How Chaos Rules our Lives
The world is stranger than we can even imagine
Every day brings us new surprises. Sometimes, what we do
today decides our course of action for tomorrow. Often times,
the future brings us loads of unexpected events that we simply
don’t have control over. Nature is packed with such random and
chaotic behaviour, that we simply have no ways to predict with accuracy. Imagine a world that worked according to our wishes
and expectations. How boring our lives would be without the inherent uncertainties hidden away in nature. Our world is like
a gas chamber and we all seem to simulate the behaviour of gas
molecules in this gas chamber, undergoing constant random
motion. No one knows which two molecules will bump into each
other. Of course, unlike molecules, we humans have the liberty
to plan and execute our next action to minimize surprises. In this chaotic system, we try and bring some order.
So, where does the chaos or randomness fit into the larger
scheme of things in nature? Does the chaotic behaviour of nature
spring from its innate physical structure or is it a well-planned
design principle deliberately enforced upon us? It is hard to
imagine an alternative model to nature. Do the uncertainties
existing at the quantum level have anything to do with
unpredictability at our level?
Butterfly effect
Chaos is dealt with in math and physics as a behaviour of dynamical
systems such as a weather system or the swing of a pendulum.
The chaos theory tries to model the behaviour of such constantly
changing or evolving systems, so there is some way to predict
their future states. Hot and humid conditions in the morning may not guarantee a warm night, and a clear sky now may not
assure one of a starry night later. A small change in the initial
condition of a system may have a drastic influence on the future
state of the system. Theoretically, a butterfly flapping its wings
at someplace today, leads to the formation of a hurricane in
a week’s time somewhere else, causing untold destruction and
misery. Luckily, large and complex systems such as weather or
Ocean tides, have some seasonal patterns to help us model them
more predictably. The term Butterfly Effect was popularized by
American mathematician and meteorologist Edward Lorenz
(1917–2008), who is regarded as a pioneer of Chaos Theory.
Dynamical systems become highly sensitive to small changes
and may lead to completely unpredictable behaviour over a
period of time.
We know that stocks and commodity prices fluctuate every day
and do not show any pattern if measured over a fixed time period.

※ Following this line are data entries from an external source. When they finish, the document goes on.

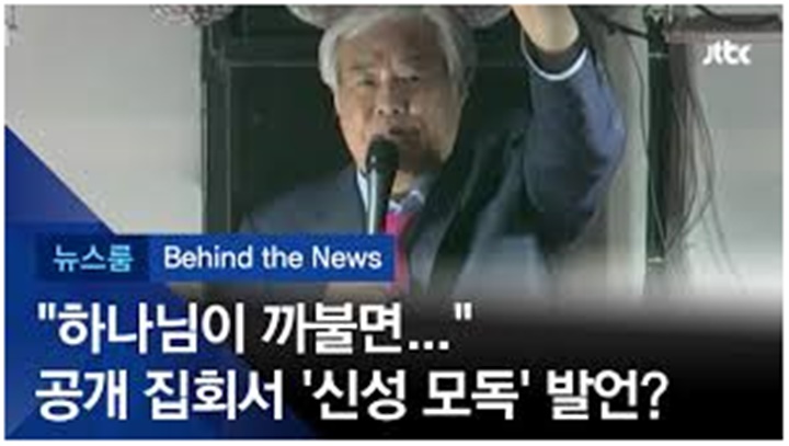 "지금 대한민국은요, 누구 중심으로 돌아가는 것이냐. 전광훈 목사 중심으로 돌아가게 돼 있어. 기분 나빠도 할 수 없다", "앞으로 점점 더합니다. 앞으로 10년 동안의 대한민국은 전광훈, 대한민국은 전광훈 목사 중심으로 돌아가게 돼 있다니까요", "나에게 '기름 부음'이 임했기 때문"이라며 "나는 하나님 보좌(寶座)를 딱 잡고 살아. 하나님 꼼짝마. 하나님 까불면 나한테 죽어. 내가 이렇게 하나님하고 친하단 말이야. 친해“ 지난 2019년 10월 22일 사랑 제일교회 전광훈 목사가 청와대 앞에서 진행한 집회에서 한 말이다.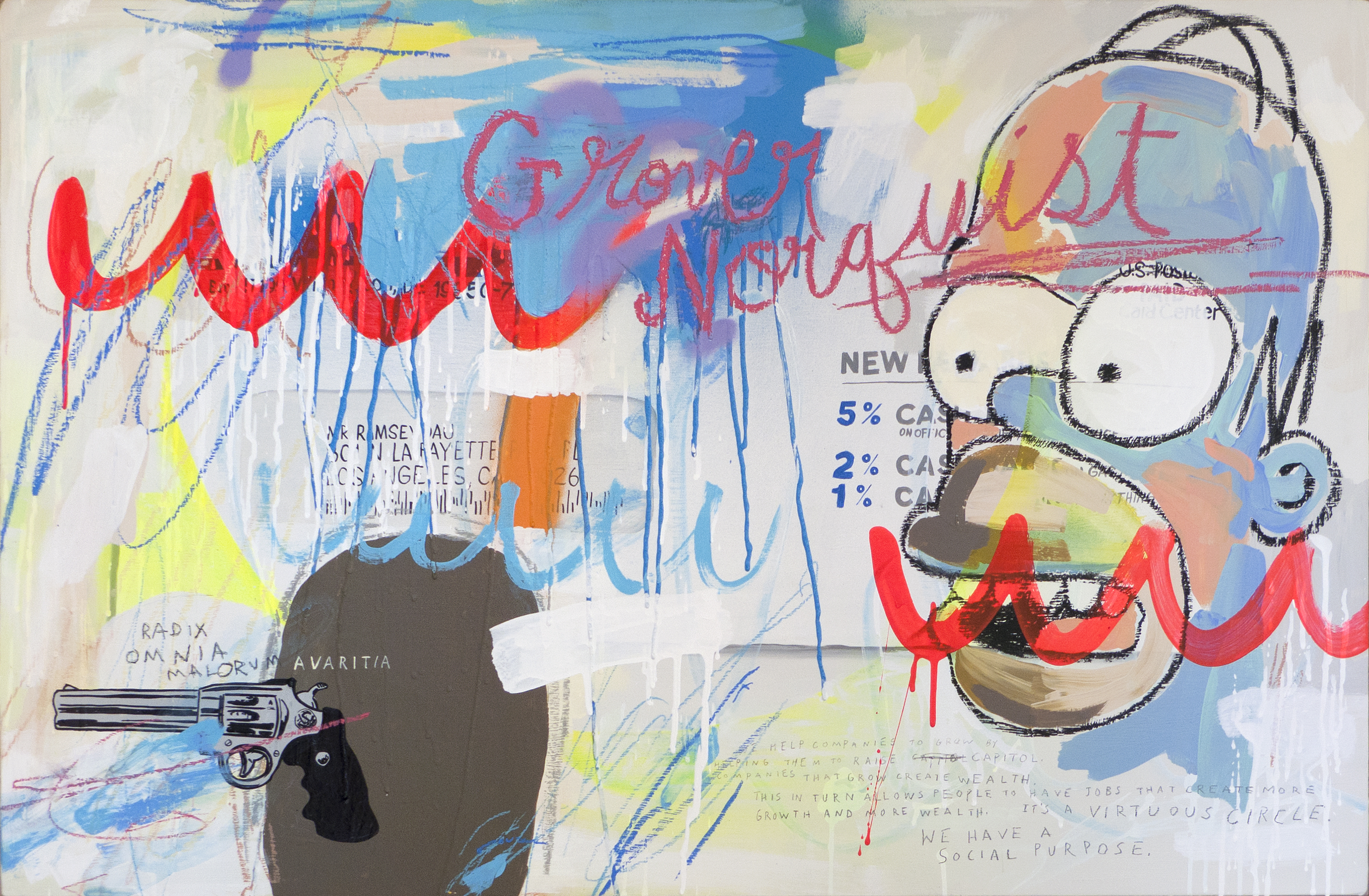 Acrylic, oil stick, spray paint, pencil on wood panel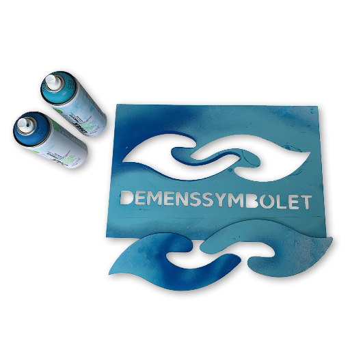 En skabelon, handsker, guide og to spraydåser med maling, så man kan spraymale demenssymbolet på fx fortove og mure. Malingen er kalkbaseret og vaskes væk over tid. Rækker til ca. 40 demenssymboler. (Max 1 sæt).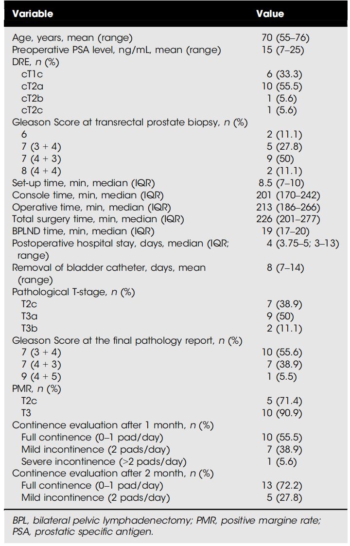 Versius机器人手术系统则是较新进入市场的系统,它以轻量化、模块化设计为特点,提供了更灵活的手术布局选项。根据发表在BJU Int杂志的一篇题为“Versius Robotic Surgical System: Case Series of 18 Robot-Assisted Radical Prostatectomies”的研究,Versius系统在实际应用中表现出了良好的手术效果和安全性,手术中位设置时间为8.5分钟,中位控制台时间为201分钟(表1),且无相关并发症或需要转换手术方式的情况[2]。

If they did, we would invest our life savings in them. Benoit
Mandelbrot (1924–2010), a French-American mathematician and
IBM Fellow, while studying the cotton price fluctuations based on
the data collected between 1900 and 1960, found an interesting price pattern. Each price change was random at short intervals, Such as a day, as was expected, but the way they changed (rate Or change), remained the same whether it was for a day or a month. If the price of cotton rose in the early trading session on a particular day, it fell slightly around noon, and fell more
statically in the late afternoon, peaking in the evening during the
user session, then this pattern of ups and downs was matched perfectly when compared to the pattern of Cotton prices over a period of a month. That is to say, the daily and monthly charts of cotton prices showed the same symmetry or trend. This was an astonishing revelation of order within a disorder. Mandelbrot, through his mathematical modelling, exposed one of the great mysteries of nature, that there was some method in the madness of the chaotic world. Mandelbrot coined the word fractal, for the behaviour of nature where a small part looks exactly like a replica of its whole.
So, what started off as chaotic behaviour, with randomness playing
havoc at the micro-level, led to a predictable and orderly pattern
at the macro level. Chaos Theory plays an important part in the
fields of economics, philosophy, microbiology, meteorology,
politics, and finance, apart from physics and math. Chaos seems
to be the character of the classical world. If on a classical level,
chaos plays such an imposing role, how is it related to the quantum
world? As it is, there is a high level of unpredictability in quantum
nature. We can see that however hard we try to measure the
position and speed of the sub-atomic particles, there is always
a large amount of approximation. The aberrations arising from
such measurements prevent us from seeing the true nature of
these particles. At what level does the chaos actually originate?